On Apr 20, 1:43 am, "Ivan Vecerina"
<_INVALID_use_webfo...@ivan.vecerina.com> wrote:
"mike3" <mike4...@yahoo.com> wrote in message
news:0ab3cfe6-5a32-4986-a203-f7a2f29026fb@q24g2000prf.googlegroups.com...
: Hi.
: (Xposted to both comp.lang.c++ and comp.programming since I've got
: questions related to both C++ language and general programming)
:
: I've got the following C++ code. The first routine runs in like 65% of
: the time of the second routine. Yet both do the same thing.

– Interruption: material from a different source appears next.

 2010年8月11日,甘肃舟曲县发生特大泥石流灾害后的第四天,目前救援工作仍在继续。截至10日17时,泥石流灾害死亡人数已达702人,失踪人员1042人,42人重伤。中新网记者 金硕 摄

However,
: the second one seems better in terms of the way the code is written
: since it helps encapsulate the transformation in the inner loop better
: making it easier to read, at least in my opinion. Maybe it's not,
: maybe the former is "better" that way and I should go with it, but if
: the latter is "better" in that respect should I just ditch it anyway
: and tradeoff for performance since I want this thing to be fast???

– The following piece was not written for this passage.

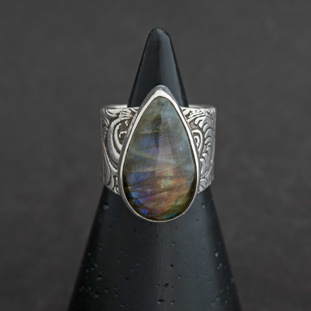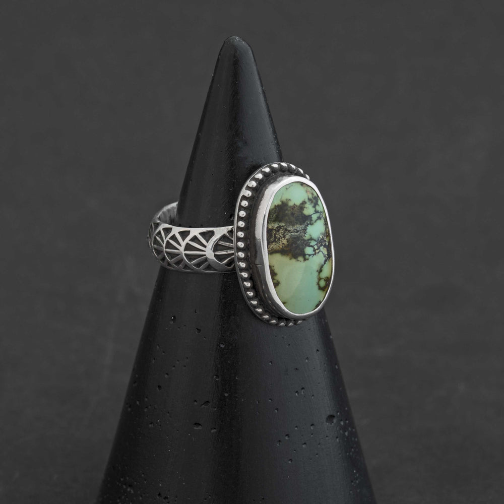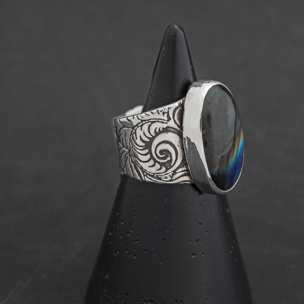 Our rings feature a treasure trove of exceptional gemstones, including rare turquoise varieties like Blackjack, luminous labradorite, mystical moonstone, rich garnets, and more. Each stone is thoughtfully paired with silverwork that enhances its natural beauty and character.

As a first-time reader of both implementations, I find the first one
much easier to understand and maintain than the second one. Adding
levels of abstractions without a clear benefit only obfuscates code.
OK, then I'll go for the first. Especially considering it's faster...

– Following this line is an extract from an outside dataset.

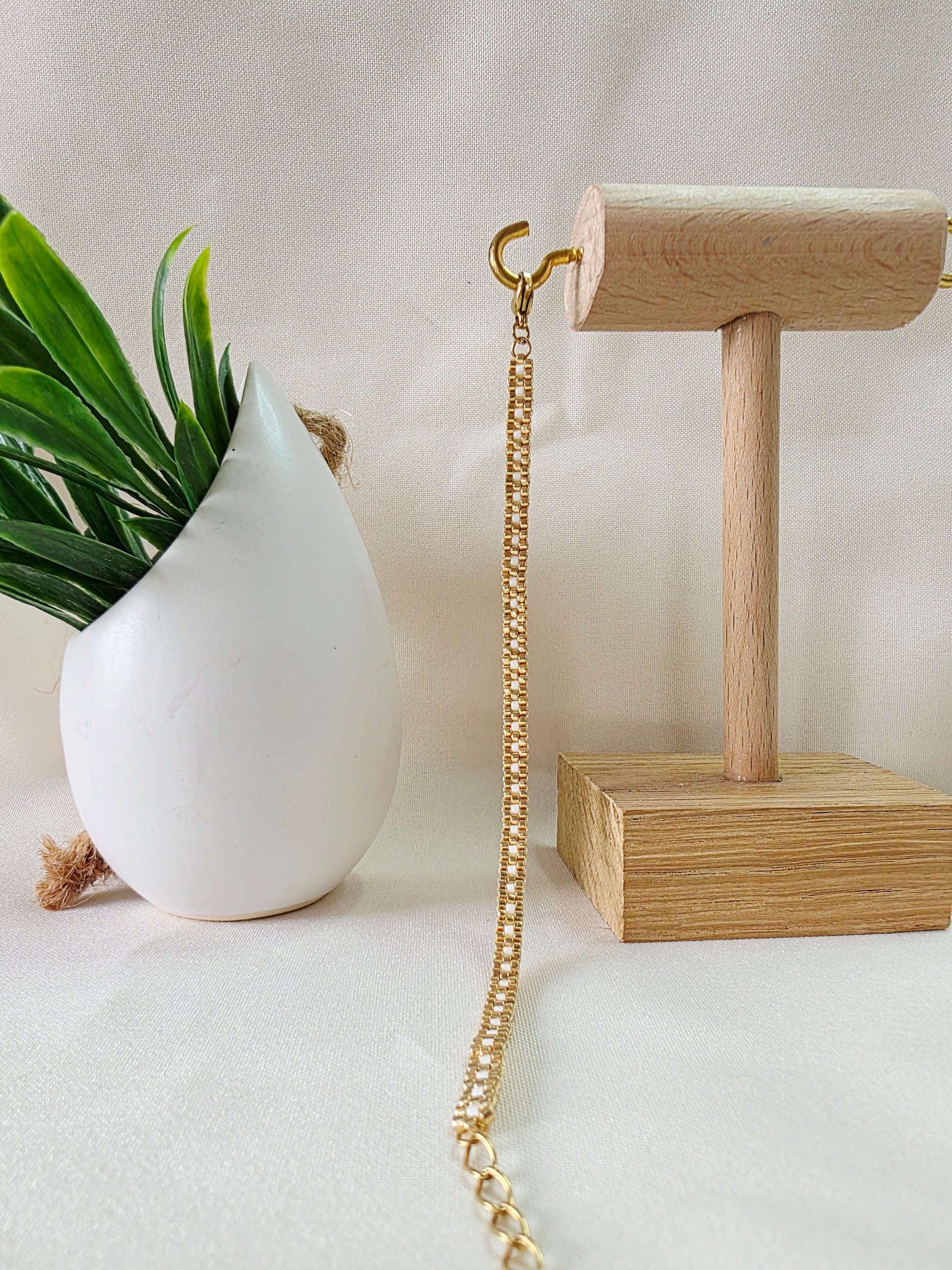 Fermoir mousqueton et chaînette réglable en acier inoxydable doré, choisis pour leur brillance et leur résistance. Un bijou fin, conçu pour durer et s’adapter à tous les poignets.

: I'm using the simple "grade school" multiply algorithm. Note how the
: second routine more easily outlines this algorithm, while in the first
: it is a little more difficult to see. Which would you prefer, exactly?
The first one.
Hmm.
: Also, could I lose the typecasts in this code or do I need them?
I'll comment & review the first function below.
At some point, you do need to (at least implicitly) cast
an operand to the larger type, as this might not happen
automatically for some combinations of types, in C++.
So then in this case a cast is OK, right?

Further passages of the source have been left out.